[Exercise inputs]
::::

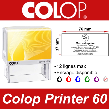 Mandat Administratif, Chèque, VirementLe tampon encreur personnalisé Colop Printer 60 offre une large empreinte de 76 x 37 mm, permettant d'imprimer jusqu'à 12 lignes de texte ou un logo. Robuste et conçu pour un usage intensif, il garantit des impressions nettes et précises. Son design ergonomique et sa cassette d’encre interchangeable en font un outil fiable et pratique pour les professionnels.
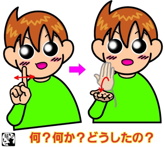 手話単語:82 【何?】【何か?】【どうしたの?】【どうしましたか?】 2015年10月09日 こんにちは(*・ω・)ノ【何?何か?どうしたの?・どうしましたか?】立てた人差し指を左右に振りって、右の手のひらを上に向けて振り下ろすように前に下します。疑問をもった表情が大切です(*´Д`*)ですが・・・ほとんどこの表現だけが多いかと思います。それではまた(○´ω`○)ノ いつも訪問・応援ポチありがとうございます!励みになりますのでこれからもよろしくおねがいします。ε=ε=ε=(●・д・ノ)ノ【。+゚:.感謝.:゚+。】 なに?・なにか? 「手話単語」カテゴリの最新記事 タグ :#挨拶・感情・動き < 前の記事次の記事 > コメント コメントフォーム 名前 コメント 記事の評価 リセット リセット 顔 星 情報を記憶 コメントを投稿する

::::

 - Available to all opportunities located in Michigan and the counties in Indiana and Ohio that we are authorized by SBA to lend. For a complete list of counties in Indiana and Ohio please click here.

::::

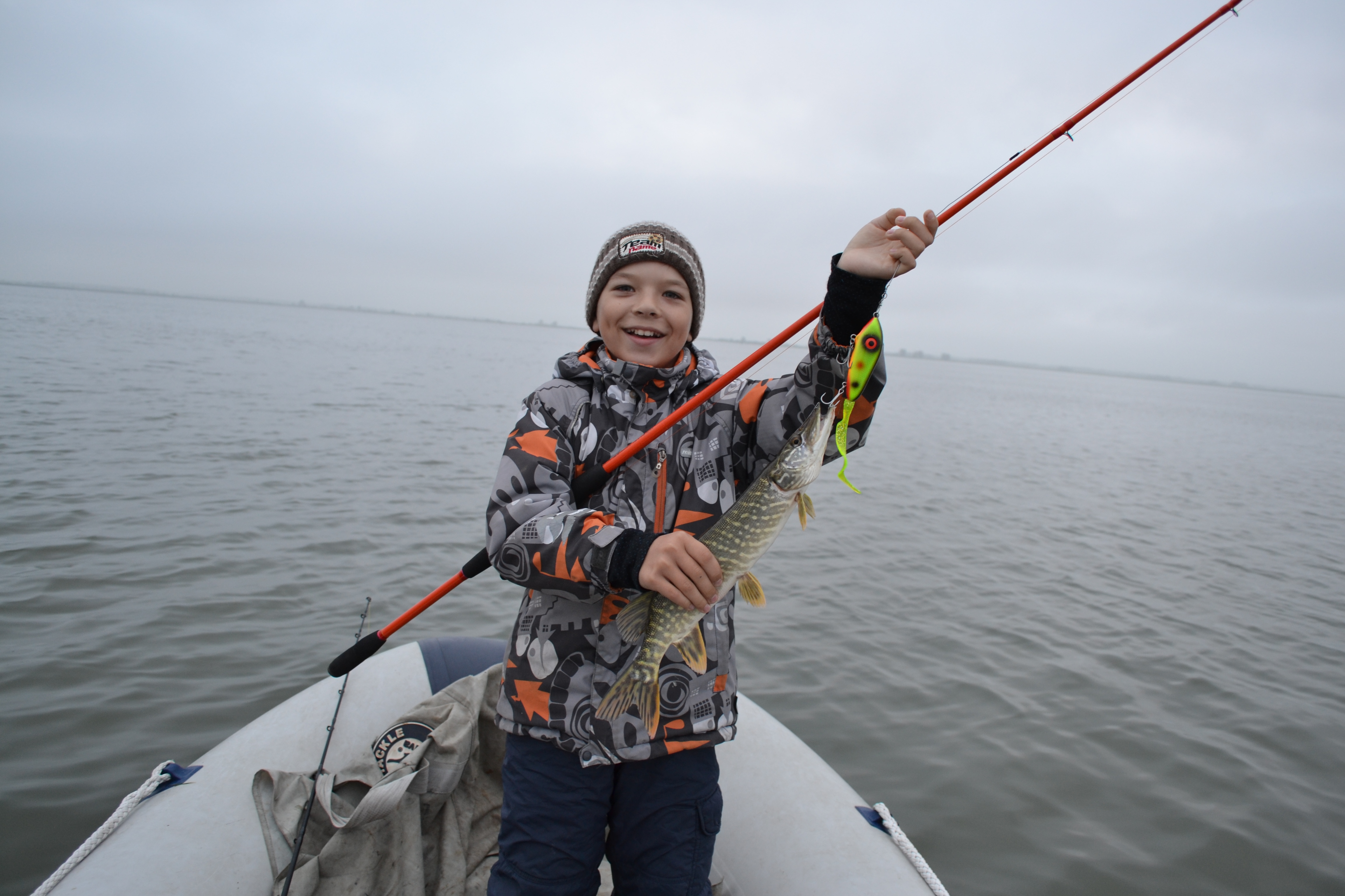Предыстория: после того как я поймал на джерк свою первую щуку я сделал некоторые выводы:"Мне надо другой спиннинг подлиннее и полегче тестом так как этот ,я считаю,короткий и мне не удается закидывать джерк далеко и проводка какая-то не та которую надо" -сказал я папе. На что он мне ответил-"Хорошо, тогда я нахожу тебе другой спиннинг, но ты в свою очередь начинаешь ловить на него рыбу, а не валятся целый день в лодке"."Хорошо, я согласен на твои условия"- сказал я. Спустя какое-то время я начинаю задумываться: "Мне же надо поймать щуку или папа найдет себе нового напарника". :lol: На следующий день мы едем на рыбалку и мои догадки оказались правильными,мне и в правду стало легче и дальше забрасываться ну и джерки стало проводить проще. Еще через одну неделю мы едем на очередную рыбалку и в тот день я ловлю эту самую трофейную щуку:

::::

[Task to complete] Using the entries above, transcribe every line from the line containing "Mandat Administratif, Chèque, VirementLe" through the line containing "手話単語:82 【何?】【何か?】【どうしたの?】【どうしましたか?】 2015年10月09日". Do not copy pictures.

[Result of this exercise]
 Mandat Administratif, Chèque, VirementLe tampon encreur personnalisé Colop Printer 60 offre une large empreinte de 76 x 37 mm, permettant d'imprimer jusqu'à 12 lignes de texte ou un logo. Robuste et conçu pour un usage intensif, il garantit des impressions nettes et précises. Son design ergonomique et sa cassette d’encre interchangeable en font un outil fiable et pratique pour les professionnels.
 手話単語:82 【何?】【何か?】【どうしたの?】【どうしましたか?】 2015年10月09日 こんにちは(*・ω・)ノ【何?何か?どうしたの?・どうしましたか?】立てた人差し指を左右に振りって、右の手のひらを上に向けて振り下ろすように前に下します。疑問をもった表情が大切です(*´Д`*)ですが・・・ほとんどこの表現だけが多いかと思います。それではまた(○´ω`○)ノ いつも訪問・応援ポチありがとうございます!励みになりますのでこれからもよろしくおねがいします。ε=ε=ε=(●・д・ノ)ノ【。+゚:.感謝.:゚+。】 なに?・なにか? 「手話単語」カテゴリの最新記事 タグ :#挨拶・感情・動き < 前の記事次の記事 > コメント コメントフォーム 名前 コメント 記事の評価 リセット リセット 顔 星 情報を記憶 コメントを投稿する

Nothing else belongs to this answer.